Explaining conflict violence in terms of conflict actor dynamics
Katerina Tkacova, Annette Idler, Neil Johnson, Eduardo L\'opez

TL;DR
This paper analyzes conflict violence in Colombia by examining local conflict actor dynamics and their influence on violence patterns over different regions and eras, using a mathematical model to explain variations.
Contribution
It introduces a simple mathematical model linking conflict actor behaviors to violence severity variations across space and time in Colombia.
Findings
Variations in violence severity relate to changes in conflict actor strength ratios.
Scaling values of event lethality distributions vary with conflict periods and regions.

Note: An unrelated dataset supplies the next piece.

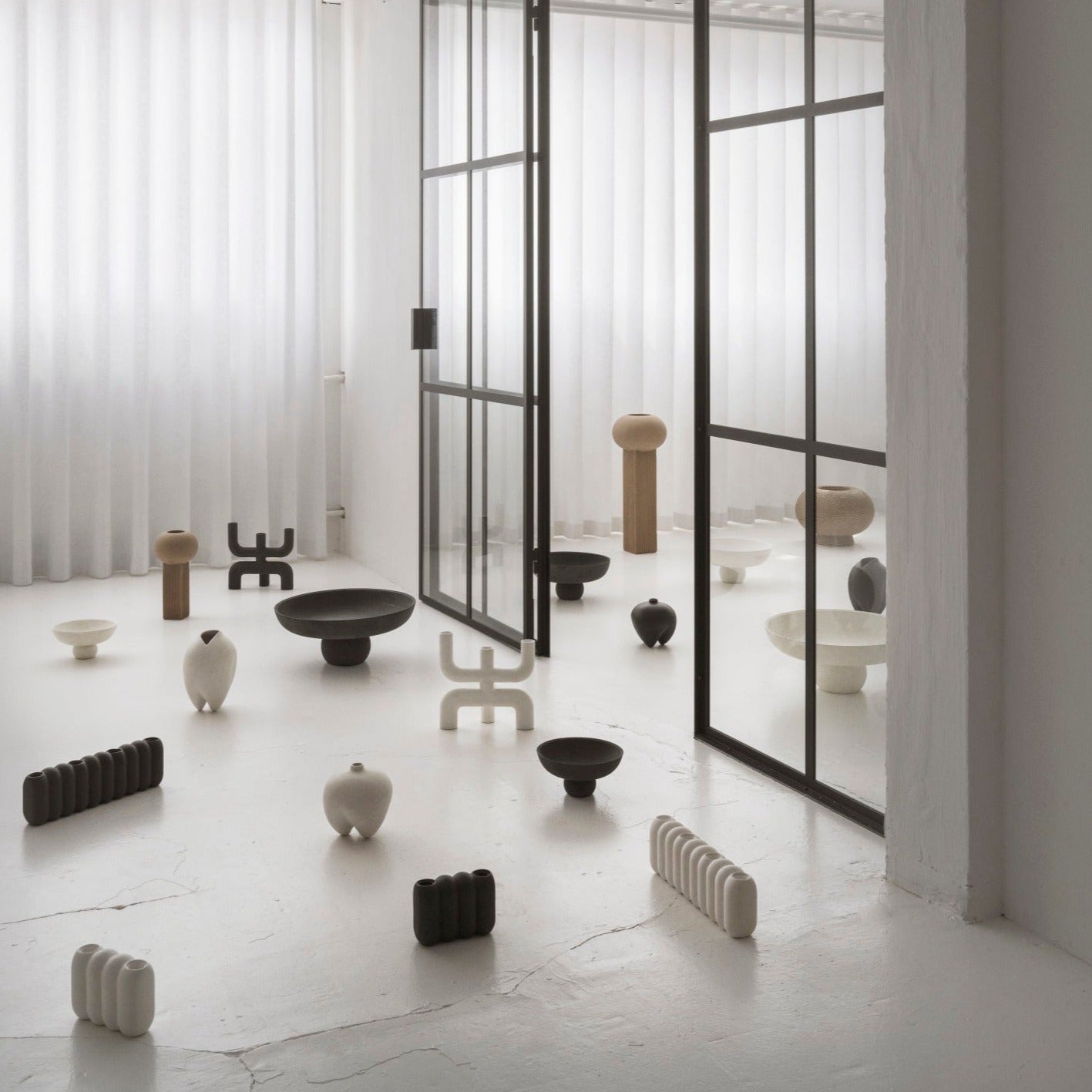 A series of ceramic lamellas, the Tube Candle Holders is all about repetition as a minimalistic sculptural detail. Inspired by 70’s sculptural artwork and design, tube is based on a single oval shape, repeating itself into a continuous sculptural object. Tube comes in two different sizes, with two candles or four candles. The candle holders are made of ceramic and as it is a hand glazed natural product, the colours may vary slightly.

The model explains how local actor dynamics influence conflict violence patterns.
Abstract
We study the severity of conflict-related violence in Colombia at an unprecedented granular scale in space and across time. Splitting the data into different geographical regions and different historically-relevant eras, we uncover variations in the patterns of conflict severity which we then explain in terms of local conflict actors' different collective behaviors and/or conditions using a simple mathematical model of conflict actors' grouping dynamics (coalescence and fragmentation). Specifically, variations in the approximate scaling values of the distributions of event lethalities can be explained by the changing strength ratio of the local conflict actors for distinct conflict periods and organizational regions. In this way, our findings open the door to a new granular spectroscopy of human conflicts in terms of local conflict actor strength ratios for any armed conflict.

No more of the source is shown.